Постановление Правительства Российской Федерации от 1 ноября 2012 г. № 1119 «Об утверждении требований к защите персональных данных при их обработке в информационных системах персональных данных» устанавливает необходимость определения уровня защищенности персональных данных при их обработке в информационных системах персональных данных.

Классификация ИСПДн по категории обрабатываемых ПДн:

Согласно п.5. Постановления Правительства Российской Федерации от 1 ноября 2012 г. № 1119 г. Москва "Об утверждении требований к защите персональных данных при их обработке в информационных системах персональных данных":

  • Информационная система является информационной системой, обрабатывающей специальные категории персональных данных, если в ней обрабатываются персональные данные, касающиеся расовой, национальной принадлежности, политических взглядов, религиозных или философских убеждений, состояния здоровья, интимной жизни субъектов персональных данных.
  • Информационная система является информационной системой, обрабатывающей биометрические персональные данные, если в ней обрабатываются сведения, которые характеризуют физиологические и биологические особенности человека, на основании которых можно установить его личность и которые используются оператором для установления личности субъекта персональных данных, и не обрабатываются сведения, относящиеся к специальным категориям персональных данных.
  • Информационная система является информационной системой, обрабатывающей общедоступные персональные данные, если в ней обрабатываются персональные данные субъектов персональных данных, полученные только из общедоступных источников персональных данных, созданных в соответствии со статьей 8 Федерального закона «О персональных данных».
  • Информационная система является информационной системой, обрабатывающей иные категории персональных данных, если в ней не обрабатываются персональные данные, касающиеся расовой, национальной принадлежности, политических взглядов, религиозных или философских убеждений, состояния здоровья, интимной жизни субъектов персональных данных, не обрабатываются сведения, которые характеризуют физиологические и биологические особенности человека, на основании которых можно установить его личность и которые используются оператором для установления личности субъекта персональных данных и не обрабатываются персональные данные субъектов персональных данных, полученные только из общедоступных источников персональных данных, созданных в соответствии со статьей 8 Федерального закона «О персональных данных».
  • Информационная система является информационной системой, обрабатывающей персональные данные сотрудников оператора, если в ней обрабатываются персональные данные только указанных сотрудников. В остальных случаях информационная система персональных данных является информационной системой, обрабатывающей персональные данные субъектов персональных данных, не являющихся сотрудниками оператора.

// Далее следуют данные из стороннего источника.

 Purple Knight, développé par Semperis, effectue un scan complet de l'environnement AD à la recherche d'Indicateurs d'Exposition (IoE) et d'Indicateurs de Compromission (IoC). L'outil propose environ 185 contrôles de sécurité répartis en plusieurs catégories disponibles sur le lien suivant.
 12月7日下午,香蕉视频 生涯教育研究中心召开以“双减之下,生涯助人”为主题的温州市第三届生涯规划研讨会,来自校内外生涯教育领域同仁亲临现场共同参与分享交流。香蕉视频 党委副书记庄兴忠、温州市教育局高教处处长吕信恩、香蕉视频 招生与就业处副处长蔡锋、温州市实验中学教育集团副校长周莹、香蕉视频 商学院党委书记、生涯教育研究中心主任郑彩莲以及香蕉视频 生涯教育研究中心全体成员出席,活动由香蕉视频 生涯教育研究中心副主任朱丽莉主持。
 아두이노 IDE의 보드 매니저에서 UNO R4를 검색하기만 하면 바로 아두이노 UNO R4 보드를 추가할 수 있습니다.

Типы актуальных угроз персональным данным:

Под актуальными угрозами безопасности персональных данных понимается совокупность условий и факторов, создающих актуальную опасность несанкционированного, в том числе случайного, доступа к персональным данным при их обработке в информационной системе, результатом которого могут стать уничтожение, изменение, блокирование, копирование, предоставление, распространение персональных данных, а также иные неправомерные действия.

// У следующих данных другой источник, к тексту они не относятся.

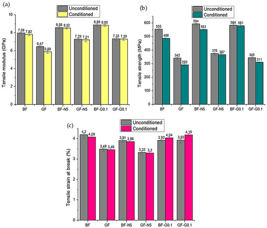 The comparison in tensile properties between the unconditioned and conditioned composites are plotted in Figure 6. From the figure, it can be observed that the loss in tensile modulus is small for the FRP composites. After exposure for 504 h to the accelerated weather conditions, the tensile modulus was reduced by 2% for unmodified BFRP and 9% for unmodified GFRP composite. The modulus of nanosilica-modified FRP composite was reduced by 0.6% for BF-N5 and 1% for GF-N5. Meanwhile, the modulus of FRP with GNP showed a reduction of 0.4% and 0.5% for BF-G0.1 and GF-G0.1 composites, respectively. The reduction in tensile modulus for the nanomodified system showed lower values than the loss for unmodified specimens, indicating that the existence of nanofiller could reduce the deterioration due to the weathering effect of the composites. A similar trend was also observed in tensile strength and strain at break, except for the tensile strain at break values for FRP-G0.1 which showed some enhancement in tensile strain. The reason behind this needs to be further investigated by conducting the accelerated weather condition test on other GNP loading. For tensile strain at break values of the accelerated weather condition specimens, it could be seen that the embrittlement of the conditioned specimens due to UV radiation resulted in a reduction in tensile strain at break. This is due to the photo-oxidation response where the diffusion of O2 in the specimen’s surface leads to microcrack formation which then propagates into the specimen and increases the surface degradation of the composites. Hence, when the specimen was tested under tensile loading, the failure originated from these microcracks resulting in larger deformation or decrement in tensile strain at break value. However, it can be seen that for BF-G0.1 and GF-G0.1 systems exposed to the accelerated conditions, the tensile strain at break values increased. This is attributed to the affinity to moisture behavior of graphene itself, where hydrophobicity of graphene depends on the thickness of the graphene layer used [34]. In this study, the GNP used was the multiple layer graphene which contributed to the hydrophobicity of the GNP, and this is proven by the data obtained in Table 2 where the moisture absorption and swelling percentage of the GNP-modified system showed the lowest values for both conditioned and unconditioned. Hence, due to the mechanism occurring during the elongation process, the GNP-modified system was able to resist the deformation and absorb much more strain energy before it broke, resulting in higher tensile strain at break values.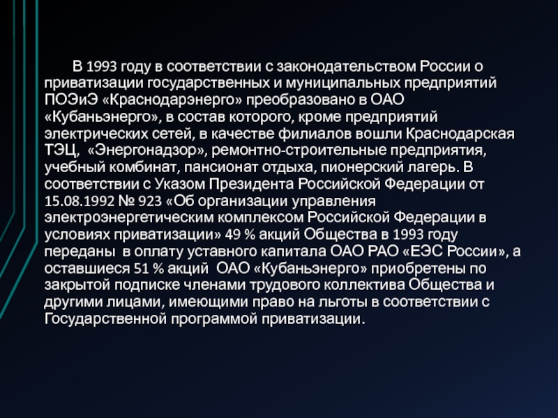 в состав которого, кроме предприятий электрических сетей, в качестве филиалов вошли Краснодарская ТЭЦ, «Энергонадзор», ремонтно-строительные предприятия, учебный комбинат, пансионат отдыха, пионерский лагерь. В соответствии с Указом Президента Российской Федерации от 15.08.1992 № 923 «Об организации управления электроэнергетическим комплексом Российской Федерации в условиях приватизации» 49 % акций Общества в 1993 году переданы в оплату уставного капитала ОАО РАО «ЕЭС России», а оставшиеся 51 % акций ОАО «Кубаньэнерго» приобретены по закрытой подписке членами трудового коллектива Общества и другими лицами, имеющими право на льготы в соответствии с Государственной программой приватизации.

  • Угрозы 1-го типа актуальны для информационной системы, если для нее в том числе актуальны угрозы, связанные с наличием недокументированных (недекларированных) возможностей в системном программном обеспечении, используемом в информационной системе.
  • Угрозы 2-го типа актуальны для информационной системы, если для нее в том числе актуальны угрозы, связанные с наличием недокументированных (недекларированных) возможностей в прикладном программном обеспечении, используемом в информационной системе.
  • Угрозы 3-го типа актуальны для информационной системы, если для нее актуальны угрозы, не связанные с наличием недокументированных (недекларированных) возможностей в системном и прикладном программном обеспечении, используемом в информационной системе.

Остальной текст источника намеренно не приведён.